森冷的殺氣撲向長公主,長公主嚇得連連后退:“蕭九安,你在威脅我?”
“不,本王在說實話,長公主有空在這里哭訴,不如好好查清楚是誰算計了你,別像條瘋狗似的亂咬人。”蕭九安不高興,很不高興,長公主正好撞上來了。

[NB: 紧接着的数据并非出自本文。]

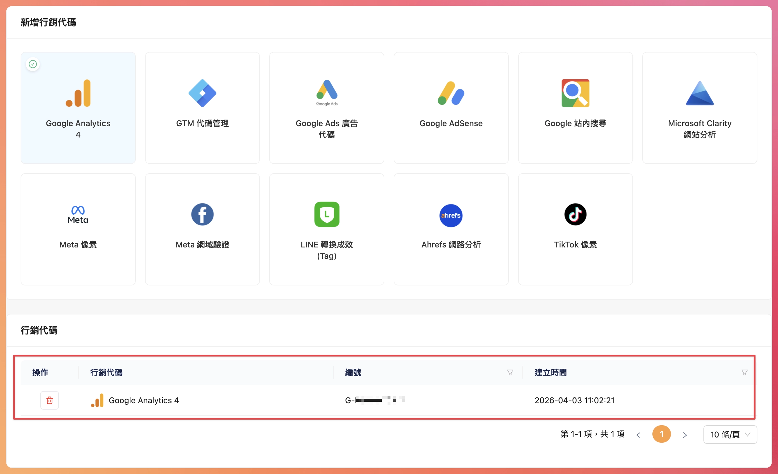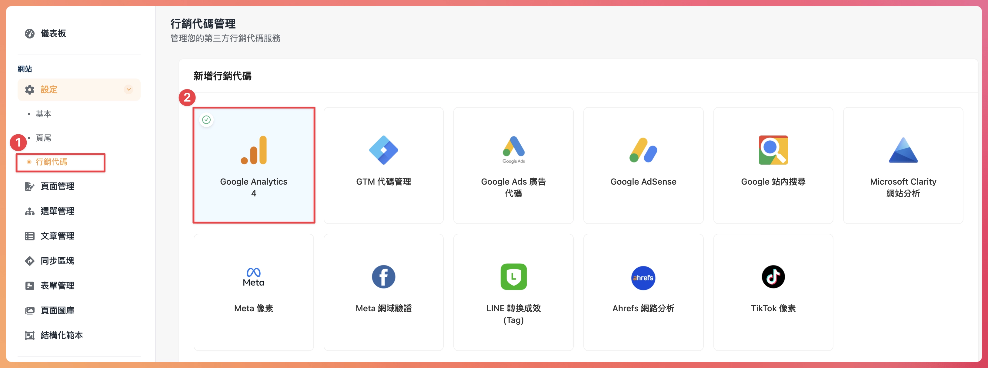 首先至“行銷代碼”進行後續設定,以下為“行銷代碼”的畫面
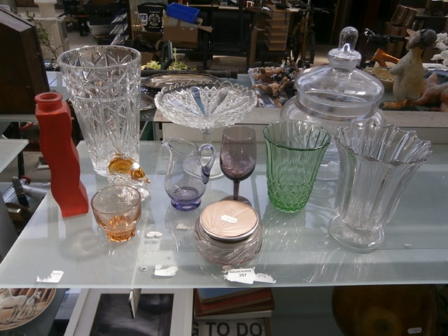 This collection features a variety of glass and ceramic decorative items, including vases, a jar with a lid, a bowl, a cup, and a figurine.

“你罵我是瘋狗?”長公主牙關咬得緊緊的,氣得全身都在顫抖。
“還是條母狗。”蕭九安一臉鄙夷地道:“本王勸你最好從自己身上找問題,免得再遇到同樣的事。再有下次,本王的王妃可不一定會奉旨上門為你醫治。”
長公主本性不改,以后有的苦頭吃。
“醫治?你不說這事我還不生氣,你一說我倒是記起紀云開抗旨不遵的事。”長公主指著紀云開,大聲痛斥:“她奉旨為我醫治,可到了公主府卻不肯動手,讓一個醫女動手,簡直罪無可恕。”
“本王的王妃不是太醫,沒有為你醫治的義務。”蕭九安聽罷,臉色稍霽,看紀云開的臉色也好了幾許。
這個蠢女人也只有在這件事上,做得還算漂亮,沒讓他惡心。
“皇上下了旨,她敢抗旨?”長公主自認自己占理,而她占了理,自然不會饒人。
“讓親王妃親自上門,為一個長公主醫治私處,這樣的旨意要傳出去,怕是會被人笑話。”蕭九安這話是對皇上說的。
皇上要慶幸他當時不在王府,要是他在王府,他定會直接把圣旨撕了。
皇上,簡直沒有腦子。
皇上臉色大變,怒斥:“蕭九安,你放肆!”
這事確實是他思慮不周,他不該下旨,應該直接讓太監傳口喻,這樣的旨意存檔,日后怕是會被人笑話。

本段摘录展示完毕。